The process also gives the right message to employees, she says. "Six months ago, when we talked about
talent, we moved a very highly rated person to a different job. We wanted to develop him, so we gave him
a different position, new experiences -- and a salary increase to make sure he got the message of how
valuable we think he is.

"Now we are doing year-end performance appraisals and he's in for another increase. But at a calibration
session, someone asked why we were giving him another raise when he just got one six months ago? We
had already given him the money message, and someone pointed out that development and opportunity are
just as important. ... The decision was to not give him another increase.

"The correction mechanism of having peer department heads challenge something is invaluable,"
Migliaccio says. "It's almost like coaching.
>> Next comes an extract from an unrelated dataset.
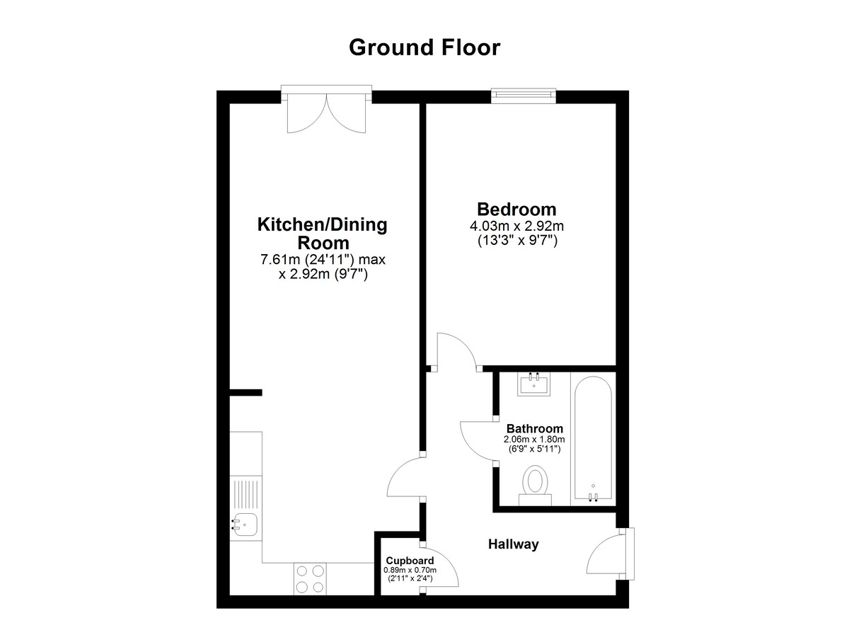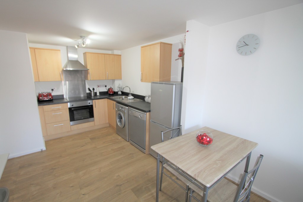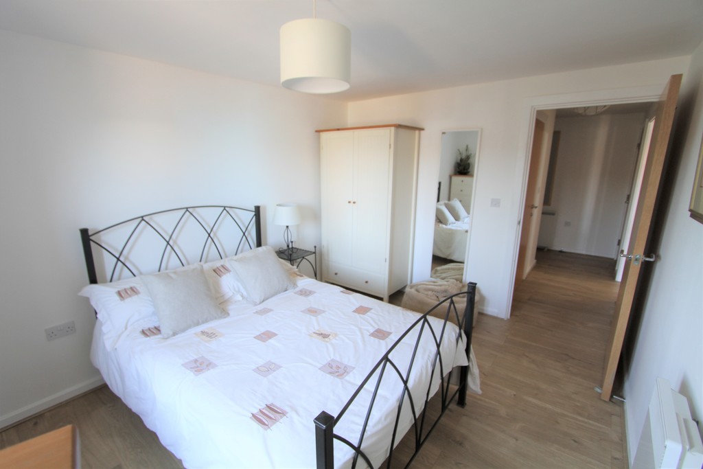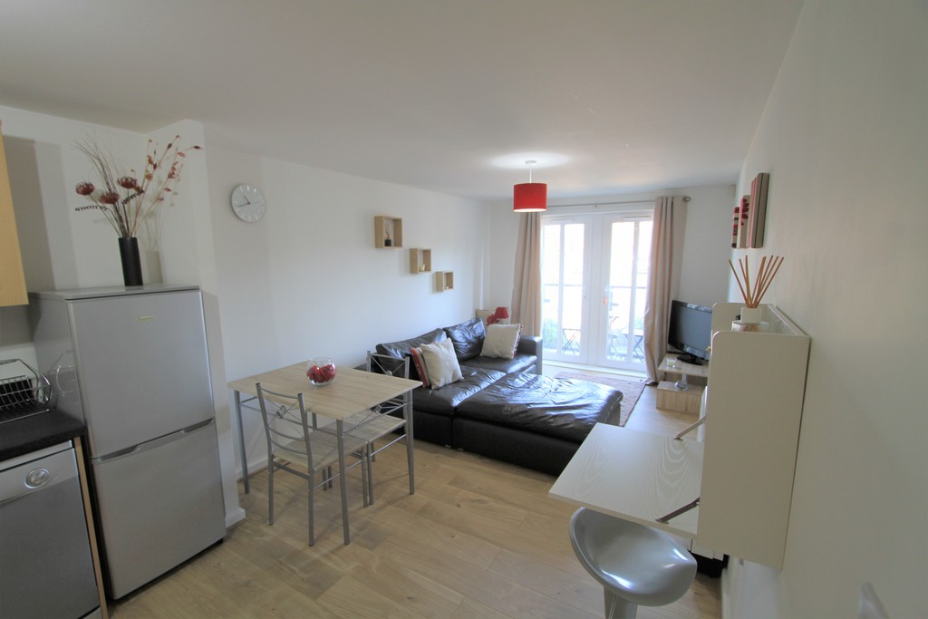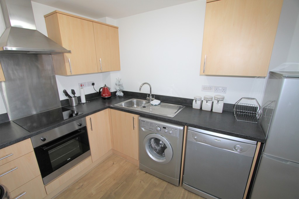 The accommodation comprises entrance hallway, open plan living space incorporating a modern fitted kitchen, (fully equipped with a range of appliances including oven and hob, fridge/freezer, washer/dryer and dishwasher), double bedroom (with built-in storage) and a bathroom with bath and shower facilities.

Peer managers helped the manager explain to the employee,
'We're not giving you a raise because we want to focus on skill mastery in the new job.' Managers might be
reticent to deliver a message like that, but with HR involved, we can coach them on how to tell the
employee."

At Commerce, the performance-management process is tied to compensation, while the talent-management


process is not -- but both share calibration as part of the formula.

"Talent planning is just as important, but without money as part of it, there's less pressure and more
opportunity to speak honestly and frankly," says Migliaccio.

"It starts with the creation of a mission for the group doing the planning, then they come back and discuss
relevant competencies, and then they rate how people are doing in their jobs, using those competencies,"
she says. "It's a dialogue among peers evaluating talent on the same criteria. Nothing is at stake except
development and growth.

"Six months later, money is at stake, and they look at what has changed since six months ago. It's all done
as peers. There's constant calibration aimed at fairness and equitability.

"We might see a higher performer not getting what we think he or she should," says Migliaccio. "Or we
might see someone else and say, 'I thought we said during the talent planning that this person had issues.
Why are we being so generous now?' It's a continuum."